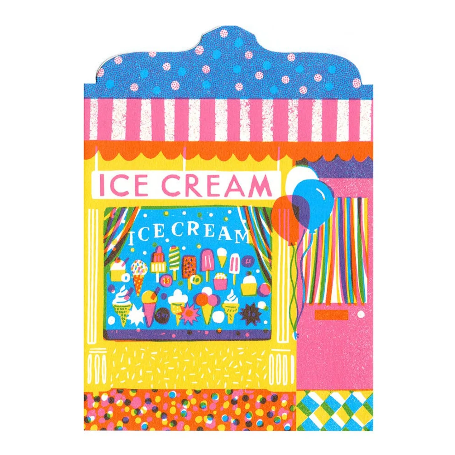 Louise Lockhart er one-woman-band bag det engelske firma The Printed Peanut. Hun er besat af butiksfronter, så det skulle selvfølgelig også bruges på et kort. Det her er da genialt til en med en sød tand.
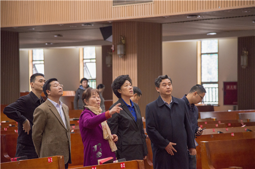 11月6日上午省委常委田向丽部长在省民宗委、市委统战部、市民宗局领导的陪同下,一行来到我会视察,参观了爱国会陈列馆和上翔堂。     在参观陈列馆的过程中,对成都市基督教在过去所做的坚持三自原则、独立自主自办教会,以及爱国爱教等方面的工作给予了充分肯定,希望继续发扬这种优良传统。同时,对陈列馆的升级改造工程提出了建设性的指导意见。     对上翔堂的牧养工作,特别是在吸引信徒回归所起到的引领作用给予口头表扬,希望加大工作力度,扩大正能量。对上翔堂在宣传省委、市委中心工作的展板前指出,要结合基督教信徒的特点,做一些简单明了的宣传,不拘一格,让信徒一看便知、及时了解党委政府为民办实事的具体举措。
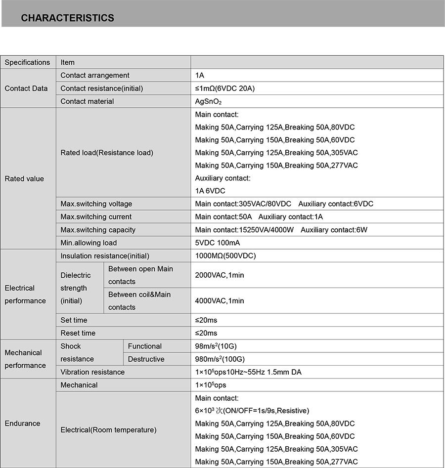 ●Optional contact gap >2.0mm
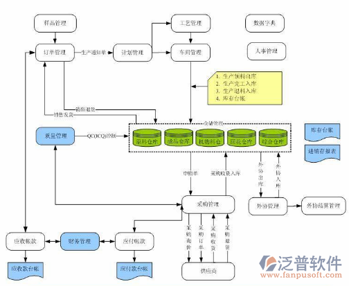 泛普軟件的ERP管理系統(tǒng)主要是以生產(chǎn)管理為核心,集采購、銷售、存貨、生產(chǎn)、工資、固定資產(chǎn)、賬務(wù)管理等模塊于一體,通過對企業(yè)采購、銷售、存貨和生產(chǎn)等經(jīng)營環(huán)節(jié)信息的全程記錄、傳遞、跟蹤和分析,實(shí)現(xiàn)對企業(yè)物流、資金流、信息流和生產(chǎn)成本控制等在線動態(tài)監(jiān)控和全方位管理,從而整合和優(yōu)化企業(yè)內(nèi)部資源。通過MRP生產(chǎn)計(jì)劃為中心點(diǎn),合理分配生產(chǎn)資源,科學(xué)安排采購、生產(chǎn)開工時間,使產(chǎn)、供、銷三大業(yè)務(wù)環(huán)節(jié)互相驅(qū)動,維持動態(tài)平衡,使企業(yè)的業(yè)務(wù)流程更優(yōu)化,管理更有效率,以此提高企業(yè)在市場中的競爭力。

□ □ □

### Task description
Reproduce the listing in full and exactly, excluding any pictures it holds.

### Finished exercise
 Louise Lockhart er one-woman-band bag det engelske firma The Printed Peanut. Hun er besat af butiksfronter, så det skulle selvfølgelig også bruges på et kort. Det her er da genialt til en med en sød tand.
 11月6日上午省委常委田向丽部长在省民宗委、市委统战部、市民宗局领导的陪同下,一行来到我会视察,参观了爱国会陈列馆和上翔堂。     在参观陈列馆的过程中,对成都市基督教在过去所做的坚持三自原则、独立自主自办教会,以及爱国爱教等方面的工作给予了充分肯定,希望继续发扬这种优良传统。同时,对陈列馆的升级改造工程提出了建设性的指导意见。     对上翔堂的牧养工作,特别是在吸引信徒回归所起到的引领作用给予口头表扬,希望加大工作力度,扩大正能量。对上翔堂在宣传省委、市委中心工作的展板前指出,要结合基督教信徒的特点,做一些简单明了的宣传,不拘一格,让信徒一看便知、及时了解党委政府为民办实事的具体举措。
 ●Optional contact gap >2.0mm
 泛普軟件的ERP管理系統(tǒng)主要是以生產(chǎn)管理為核心,集采購、銷售、存貨、生產(chǎn)、工資、固定資產(chǎn)、賬務(wù)管理等模塊于一體,通過對企業(yè)采購、銷售、存貨和生產(chǎn)等經(jīng)營環(huán)節(jié)信息的全程記錄、傳遞、跟蹤和分析,實(shí)現(xiàn)對企業(yè)物流、資金流、信息流和生產(chǎn)成本控制等在線動態(tài)監(jiān)控和全方位管理,從而整合和優(yōu)化企業(yè)內(nèi)部資源。通過MRP生產(chǎn)計(jì)劃為中心點(diǎn),合理分配生產(chǎn)資源,科學(xué)安排采購、生產(chǎn)開工時間,使產(chǎn)、供、銷三大業(yè)務(wù)環(huán)節(jié)互相驅(qū)動,維持動態(tài)平衡,使企業(yè)的業(yè)務(wù)流程更優(yōu)化,管理更有效率,以此提高企業(yè)在市場中的競爭力。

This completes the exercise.